# SantaFe 360 truck sides



## chrisallen21 (Sep 1, 2016)

I have a Santa Fe 360 that I purchased a while back that I am going to try and bring back to the living. It looks well taken care of so I suspect it still has lots of life in it but on both of the trucks, the sides have come off (and look like they are about to crumble). So there is only 1 of 2 still attached on each truck although the remaining two aren't that great from looking at them. I think I have read previously about difficulty reattaching these and wonder if it makes sense to just by trucks with these already attached in good condition. I have attached a couple pics for reference but would appreciate the forum's thoughts.


----------



## cramden (Oct 13, 2015)

Usually you can put these back on with JB Weld if there is some of the pin on the back of the frame that fits in the hole, but the one side frame looks like it has zinc rot which I've not seen before on side frames.
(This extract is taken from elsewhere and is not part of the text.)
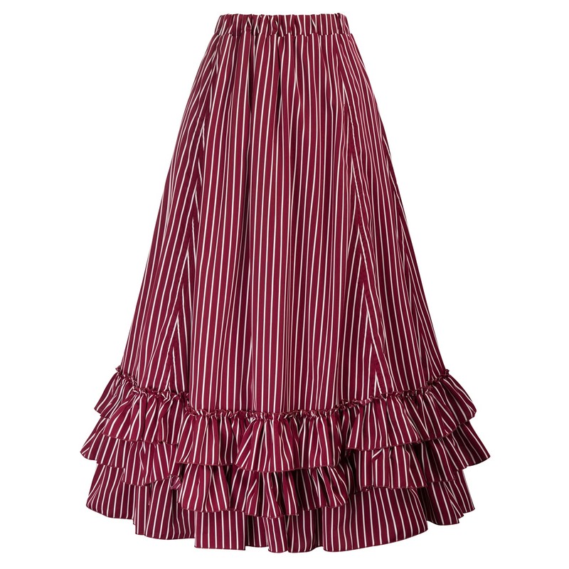 Belle Poque Womens Gothic Lolita Skirt Plus Size Steampunk Victorian Retro Pleated Ruffle Long Skirt(Wine & White,3XL)
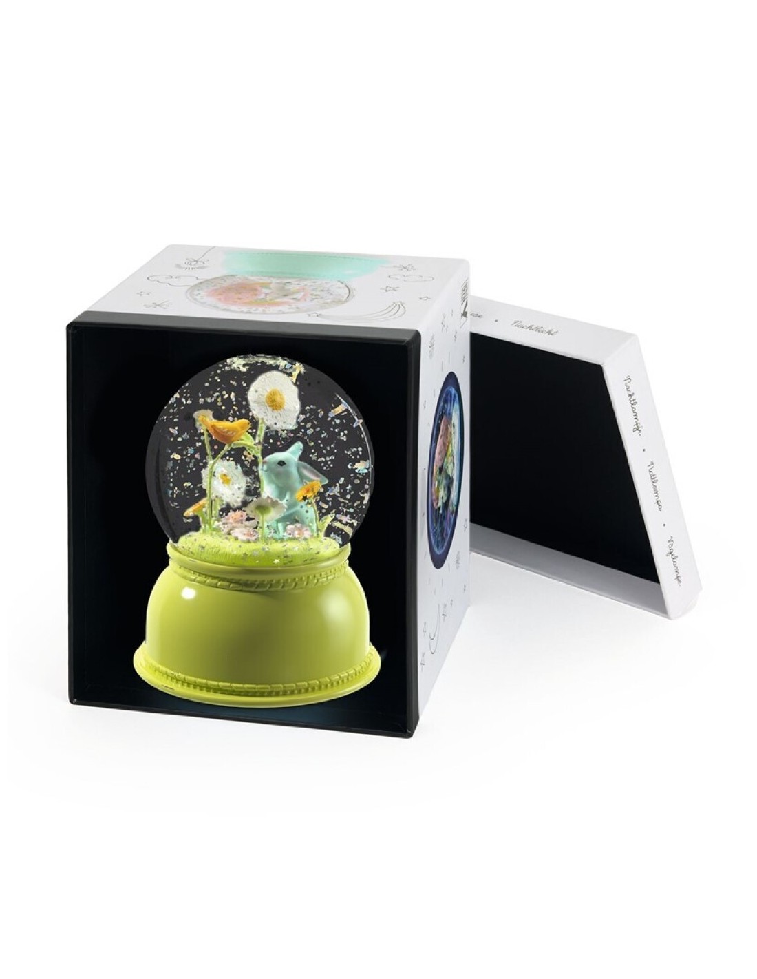 ¡Transforma la habitación de tu genio en un escenario de cuento con la Lámpara Bola de Conejo de Djeco! Esta encantadora lámpara no solo ilumina suavemente, sino que también crea un ambiente mágico gracias a su luz LED multicolor y el delicado movimiento de la purpurina en su interior.

You can try to re-attach them but I would look for a pair of replacement frames just in case. Good luck and let us know how it works out


----------



## mopac (Feb 24, 2011)

No help here. I don't have or ever had an AF original diesel. That left side one does look like its ready to crumble. Side rails mount completely different on the fly/onel PAs.


----------



## flyernut (Oct 31, 2010)

I would get new ones because of the zinc pest, but if they were in better shape, you could JB Weld them back into place.


----------



## chrisallen21 (Sep 1, 2016)

Yes, I think it is likely best to get new trucks rather than try to salvage these sides as they are pretty brittle.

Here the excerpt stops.